Since I have many of these objects, I'd love to create a generic type named handle that could hold a given pointer and call the appropriate deallocator upon destruction. My imagined use case would be

class buffer : public handle<TF_Buffer, TF_DeleteBuffer> {
public:
  buffer(TF_Buffer* b): handle(b) {}
}

unfortunately I'm unable to get this to work since TF_DeleteBuffer is a simple function (of type void TF_DeleteBuffer(TF_Buffer*)). I did manage to work around the issue with creating a function object for the function, so the following does work

template<typename Obj, typename Deleter>
class handle {
public:
  Obj* obj;

  handle(Obj* o): obj(o) {};
  ~handle() { if (obj) Deleter()(obj); }
};

struct buffer_deleter {
  void operator()(TF_Buffer* b) { TF_DeleteBuffer(b); }
};

class buffer : public handle<TF_Buffer, buffer_deleter> {
public:
  buffer(TF_Buffer* b): handle(b) {}
}

but it feels dirty having to define the buffer_deleter class just for this purpose. I'd imagine something like this ought to work (with or without the std::function)

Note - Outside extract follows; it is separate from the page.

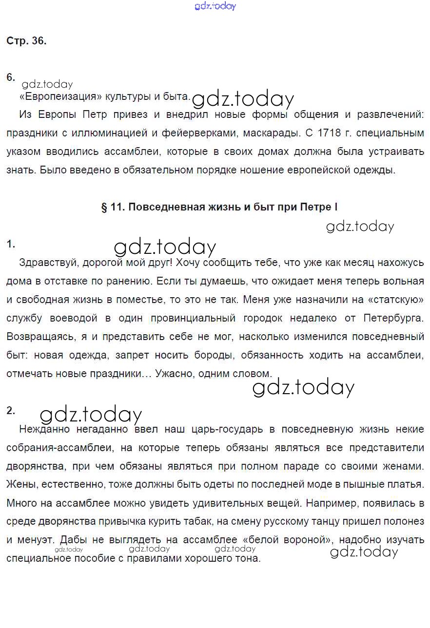 На страницах сайта gdz.today вы найдете учебный и вспомогательный материал, направленный на улучшения знаний школьной программы. ГДЗ - онлайн мир знаний Страницы (решение) 36 Рабочей тетради по Истории России для 8 класса Артасов, Данилов Просвещение УМК 2016

template<typename Obj, std::function<void(Obj*)> Deleter>
class handle {
  // ...
}

but I can't find a way to make the compiler happy. From what I understand, this is somewhat similar to std::unique_ptr which accepts a deleter type object, vs std::shared_ptr which accepts a deleter function pointer and stores it in the shared object. I don't mind storing the pointer explicitly (and using extra memory), but at the same time, given I'll be creating lots of these types, I'd like to have some way of making it syntactically nice. I really do not want to pass the deleter pointer to each instance of the object being created, which is why I'm trying to hide it in the template.

Answer 1

You can define a non-type template parameter as function pointer.

template<typename Obj, void(*Deleter)(Obj*)>
class handle {
public:
  Obj* obj;

  handle(Obj* o): obj(o) {};
  ~handle() { if (obj) Deleter(obj); }
};

And use it like

class buffer : public handle<TF_Buffer, &TF_DeleteBuffer> {
  ...
};